Jadeando pesadamente, algunos más que otros, llegaron al recinto académico entre risas y recriminaciones. Elia se alejó de los dos chicos sacándoles la lengua y resollando la que más. No era muy dada al deporte.

Por su parte, Isaac y Áleix se internaron en el edificio más cercano en busca de sus respectivas taquillas, que, gracias a sus apellidos (Leyland y Limmer) se encontraban una al lado de la otra. Allí, como cada mañana, les esperaba Naia recostada contra los casilleros con un libro entre las manos.

Ese día se encontraba frunciendo el ceño ante las páginas de un volumen viejo mientras jugueteaba con una de sus pequeñas trenzas.

Era muy curioso, un día se la podían encontrar mordiéndose el labio delante de un romance cursi subido de tono mientras que al día siguiente despotricaba a todo volumen delante de un ensayo sobre política migratoria y tres días más tarde ni los saludaba absorta como estaba delante de uno de ciencia ficción militar donde nadie salía con vida. Los devoraba todos, a excepción, claro, de los que mandaba el instituto. Esos vagaban por su mochila durante semanas sin que el punto de libro avanzara una misera página.
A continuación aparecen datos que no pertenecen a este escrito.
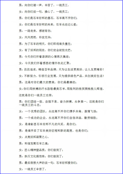 2018年10月14日,陜西涇河石羊食品有限公司在公司宴會廳隆重舉行“2018年第三季度文藝晚會暨表彰大會”
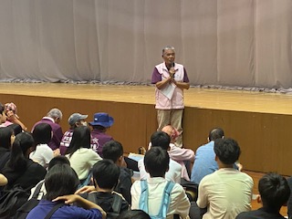 はじめに伊江島の方が踊りを踊って歓迎してくださいました。その温かさにふれ、私たちもひとり、またひとりと一緒に参加し始め、最後はたくさんが一緒に踊り、伊江島のみなさんとの一体感が高まってきました!
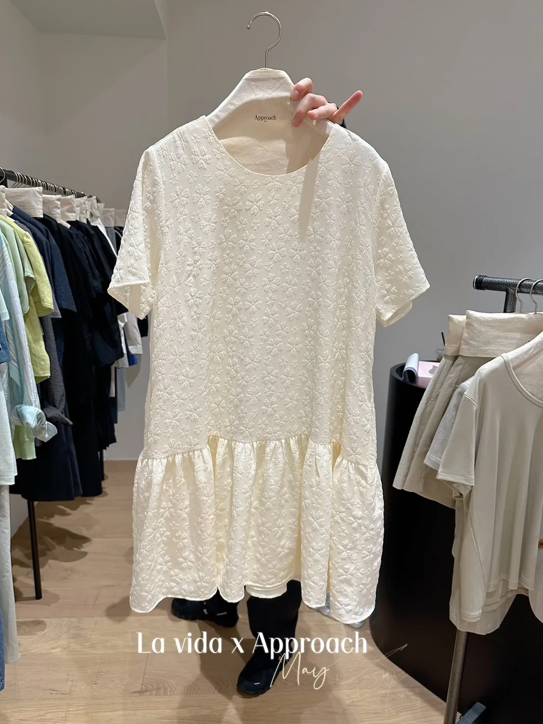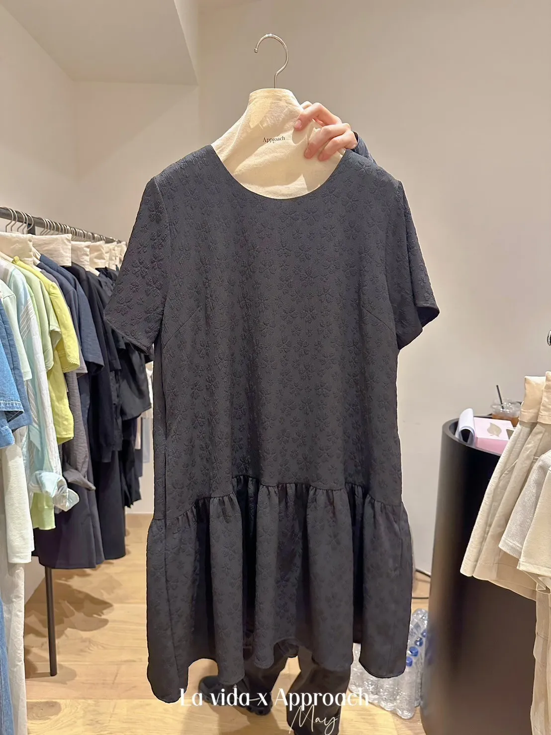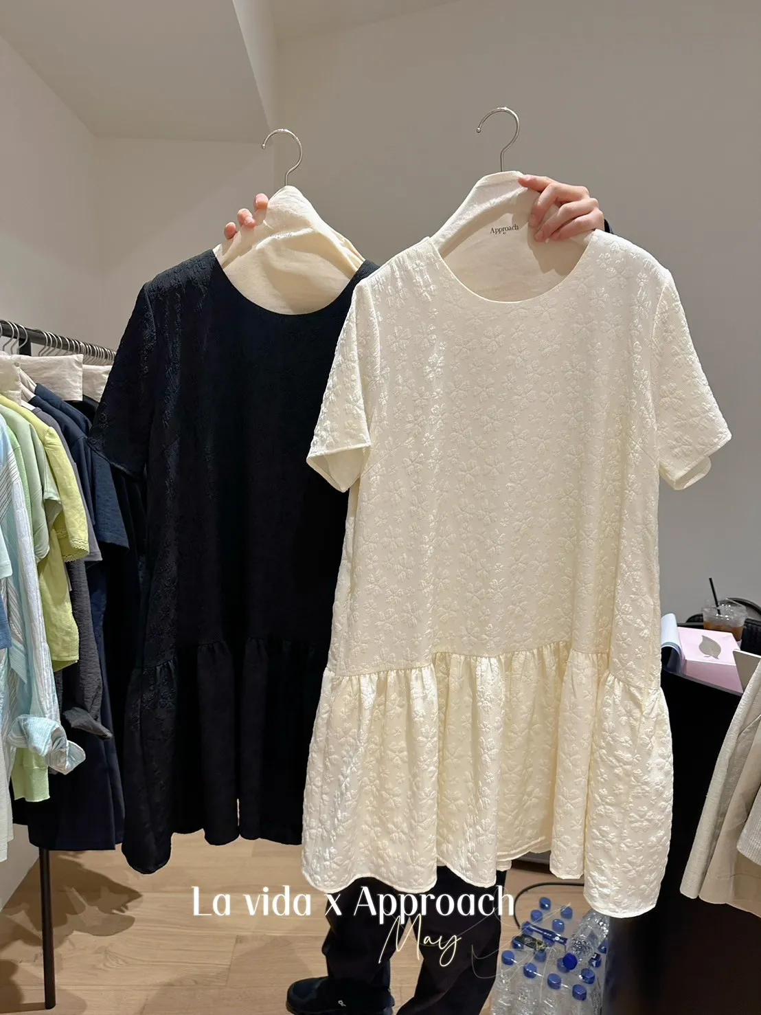 KM293薄款花朵壓紋洋裝 米 黑 官網價$1310 線上價$1280
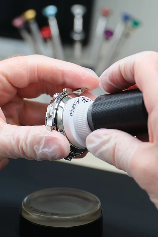 Der Kunde muss bei einem Automatikchronographen mit einer Bearbeitungszeit von zehn Wochen rechnen, bis er die Uhr zurückerhält. Allein die Qualitätskontrolle nimmt neun Tage in Anspruch.
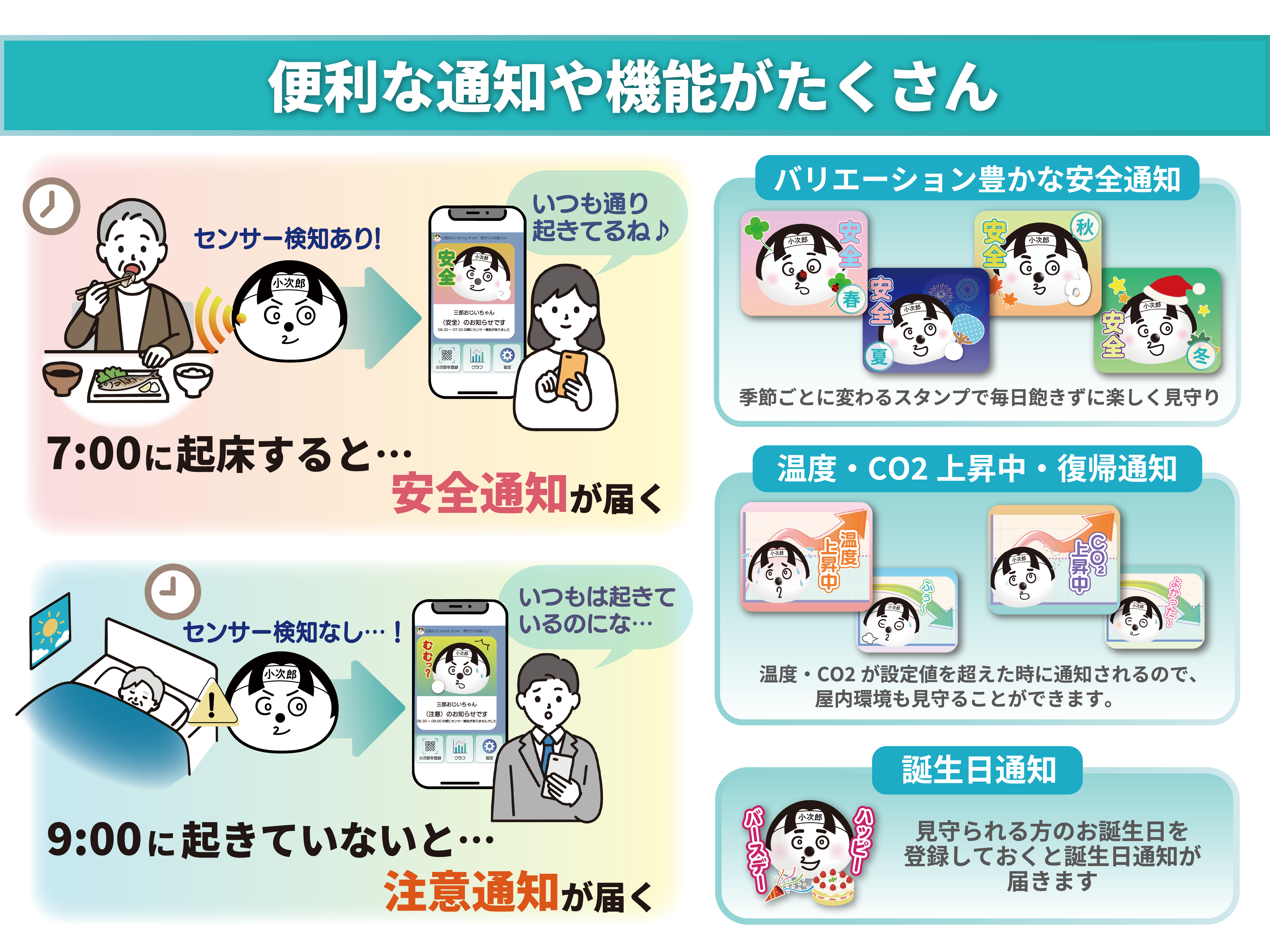 小次郎くんが一人暮らしの高齢者を優しく見守り、Wi-Fi環境が無くても異変があればLINEやメールでご家族や関係者にアラート通知でお知らせします。
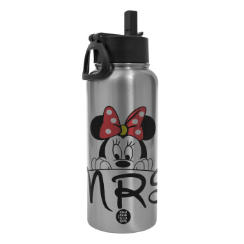 Minnie Mrs, Μεταλλικό παγούρι θερμός Silver με καλαμάκι και χερούλι (Stainless steel), διπλού τοιχώματος, 950ml
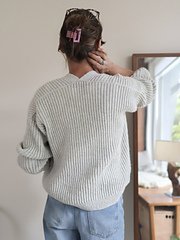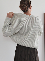 *For the super cozy COOMO cardigan my goal was a newer interpretation of the super classic cardigans in fishermen's rib. It still has the classic look, but the V-back construction with the crossed back neck (like I've used in the [GARDEN cardigan][1] before) give some appealing extra to it and I wanted this cardi stays effortlessly in place on the shoulders*
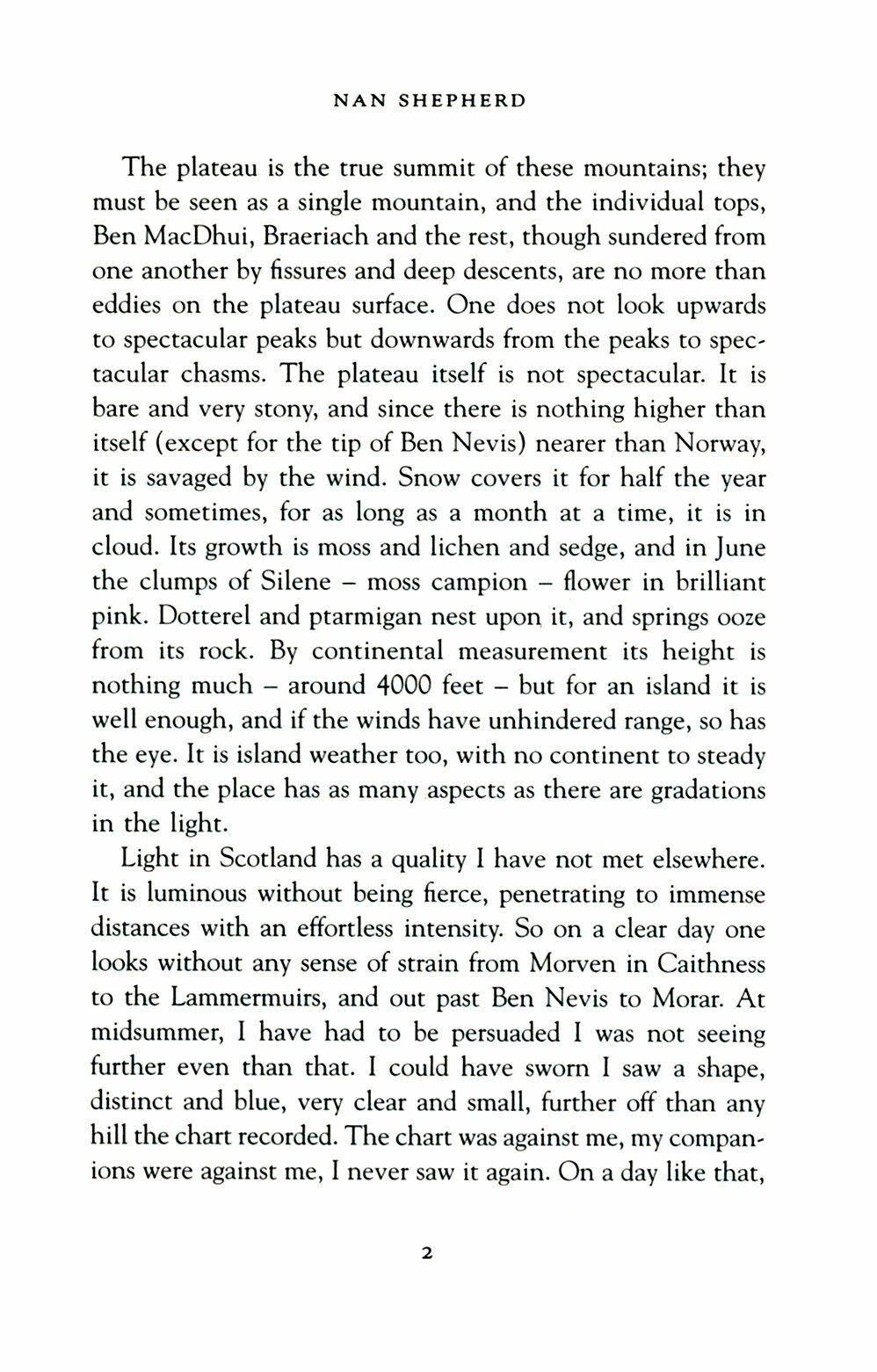 'The finest book ever written on nature and landscape in Britain' Guardian Introduction by Robert Macfarlane. Afterword by Jeanette Winterson In this masterpiece of nature writing, Nan Shepherd describes her journeys into the Cairngorm mountains of Scotland. There she encounters a world that can be breathtakingly beautiful at times and shockingly harsh at others. Her intense, poetic prose explores and records the rocks, rivers, creatures and hidden aspects of this remarkable landscape. Shepherd spent a lifetime in search of the 'essential nature' of the Cairngorms;
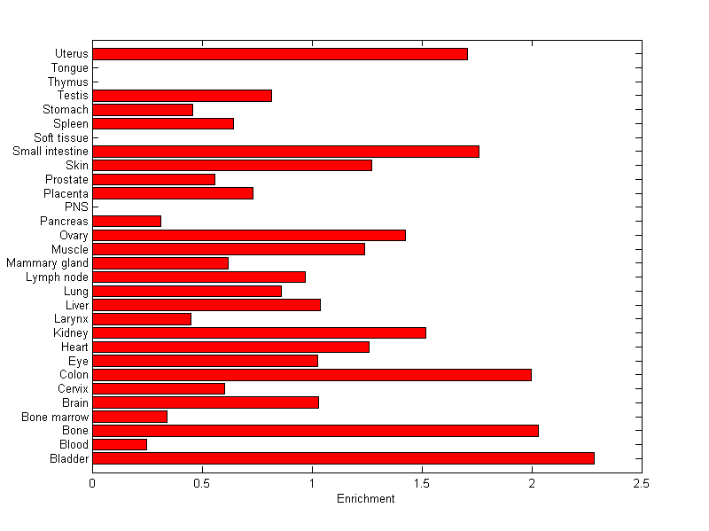 The expression level is normalized with tissue-library size. Each value for a gene in a tissue is a ratio of observed ESTs to the expected one in this tissue. The expected number of ESTs is the product of total ESTs of the gene and the fraction of total ESTs in the tissue among all ESTs in 30 tissues.
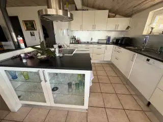 Stort set komplet hvidt UTRUSTA køkken fra IKEA sælges. Det er anskaffet i 2019, og i ret pæn stand. Der er 2x80 cm skuffer, 2x60 cm skuffer (heraf en under vask), 2x40 cm elementer hvoraf et har udtræk, samt 1x60 cm skuffer og overskabe i forbindelse med indbygningsovn. Den sorte bordplade er 3.85 m og træpladen et 30 cm. Soklen er 7.5 cm. Den er bare klikket på benene. Der medfølger også et hvidt Gorenje køle/fryseskab, en sort indbygningsovn fra Blomberg, næsten ny 60 cm Elektrolux induktionskogeplade 60 cm, en sort emhætte 60 cm, en hvid Blomberg opvaskemaskine, håndvask og sort bordplade. Det eneste, der ikke medfølger på billederne er Qooker'eren. Du skal selv afmontere køkkenet og bære det ud.
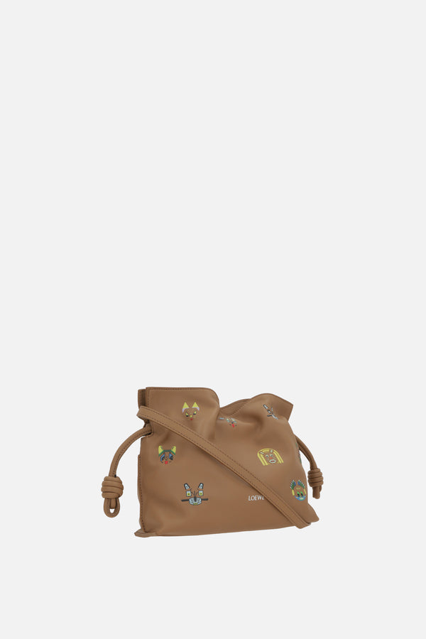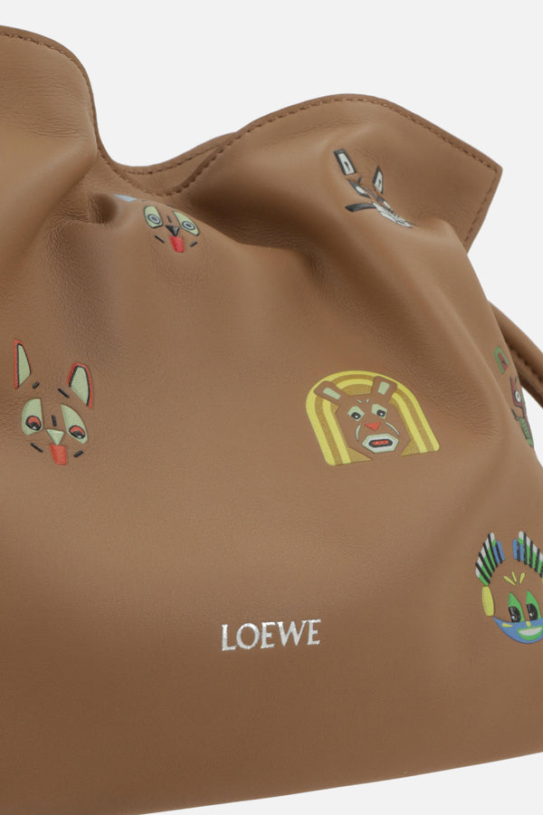 Loewe clutch crafted from light brown nappa leather with all-over 3D cat print. Featuring silver-tone hardware, drawstring and internal magnetic button closure, and an adjustable/removable shoulder strap. The interior is lined with light brown suede. The design is completed with the signature embossed logo lettering on the front.
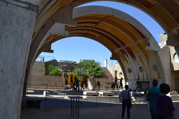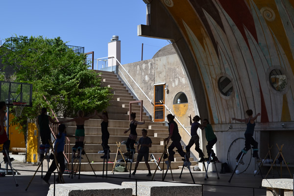 There was faint strains of music coming from various locations, and on this windy day,there was a cacophony from Soleri’s bells . We made our way to a final apse, a space for community gathering. A performance group from South America was practicing for an upcoming event here in a few weeks. On stilts, the music wafting in the now strong wind, dancing in the shadow of the apse- a dream interrupted I suppose, it was, in that moment, incredibly beautiful.
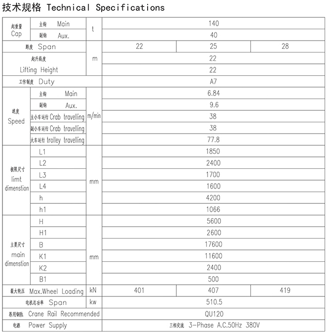 YZ型140、40t铸造起重机
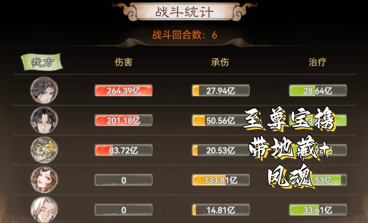 由于魔首领会挂很多减益状态,龙人大概率在第2-3回合就会倒下,up主就想是否能用萧辰替换掉龙人,经过了两次的测试(至尊宝补地藏以及不补地藏),结果并没有达到预期,所以up还是推荐携带龙人。
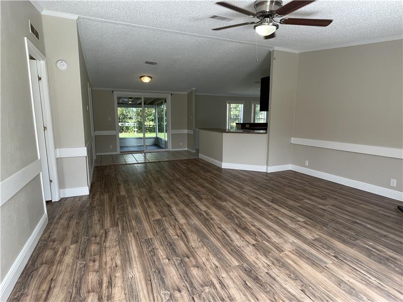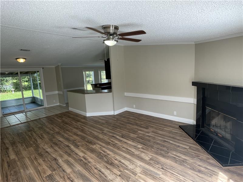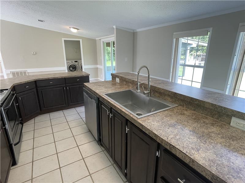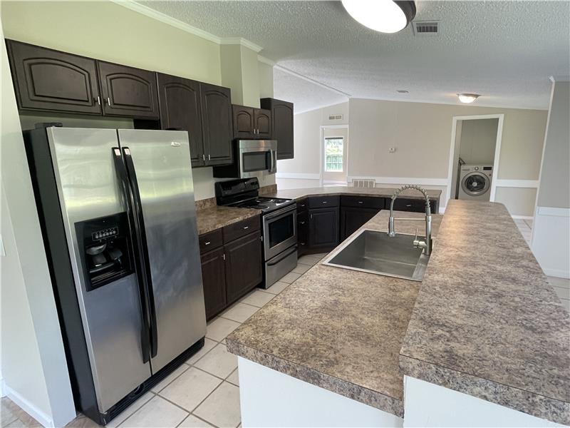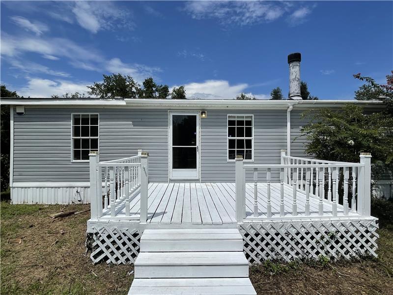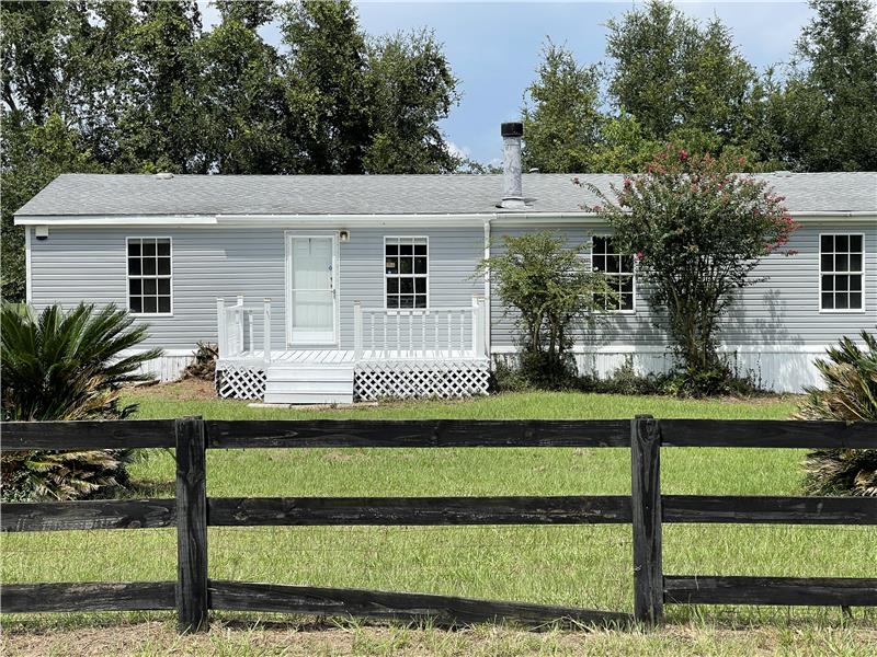Discover this charming 3-bedroom, 2-bathroom mobile home nestled on a serene 1-acre lot in the countryside. Surrounded by upscale executive-style homes and backing onto rolling pastureland with grazing cattle, this property offers a peaceful retreat. The inviting front porch leads into a spacious Great Room, featuring a Living Room with vaulted ceilings, large windows for ample natural light, a tiled wood-burning fireplace, and laminate wood flooring. The open Kitchen boasts stainless steel and black appliances, a farmhouse-style sink with a pull-down faucet, dark wood cabinets, neutral-ton
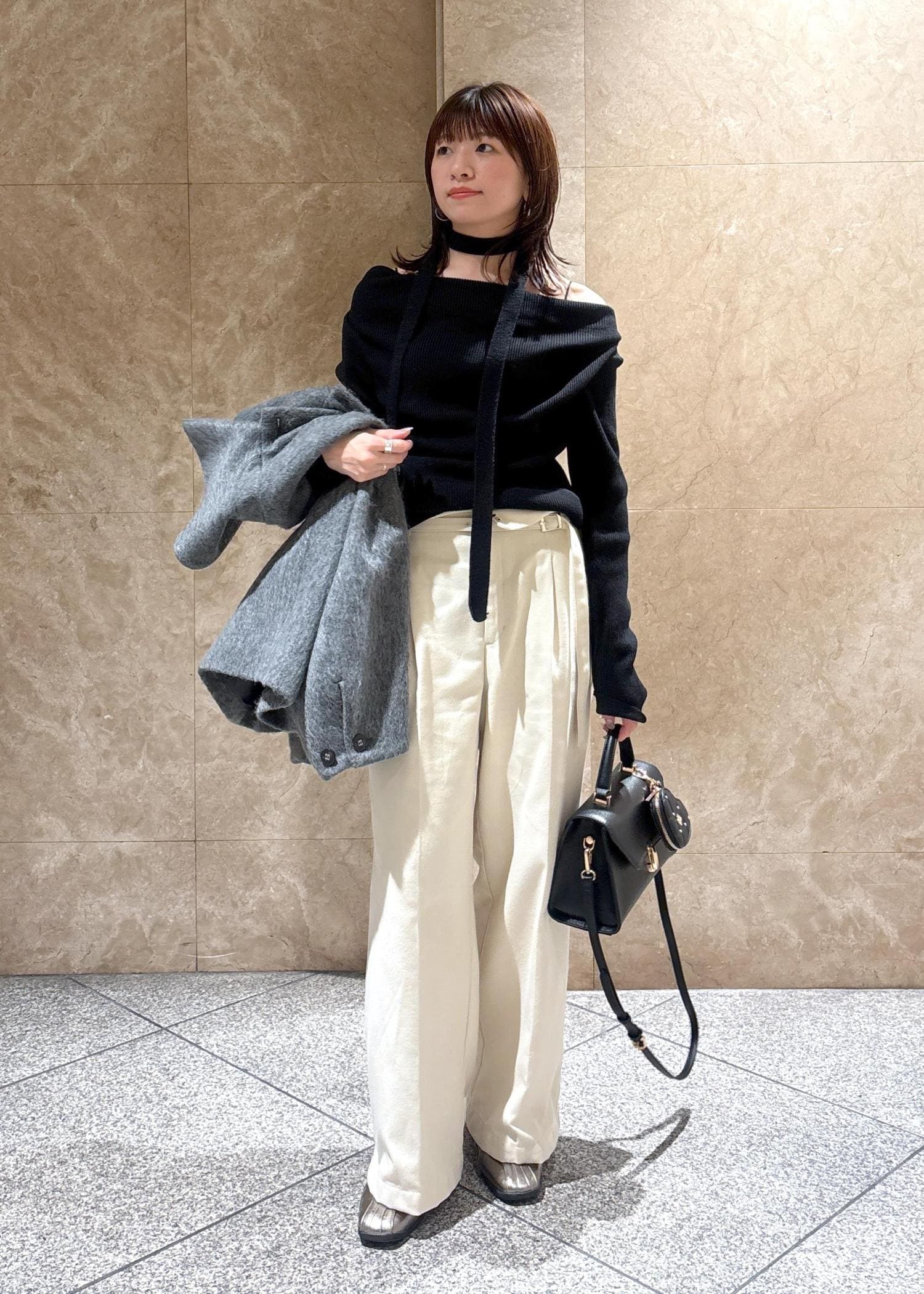 伸縮性も良いので、オフショルにもしやすいです。 -

La noche antes de los exámenes de lectura se las pasaba completamente despierta atiborrándose de café. Y llamándolos a cada rato con mensajes de lo más extraños.

Por lo visto la novela de ese día no era la más adictiva de todas: no tardó en levantar la vista de las páginas con solemnidad. La mayoría de las mañanas simplemente los ignoraba hasta que acababa el capítulo que estuviese leyendo. O eso les decía, Isaac tenía la sensación de que muy a menudo un capítulo se convertía en unos cuantos más.

—Que en paz descanse —murmuró haciendo la cruz—. Amén.

—¿Tú también? —preguntó Isaac con las cejas alzadas mientras acababa de colocar la combinación numérica para abrir su taquilla—. ¿Cómo es posible que todos menos yo sepáis cuando se morirá Apolo? Podría haber muerto mañana. O el lunes.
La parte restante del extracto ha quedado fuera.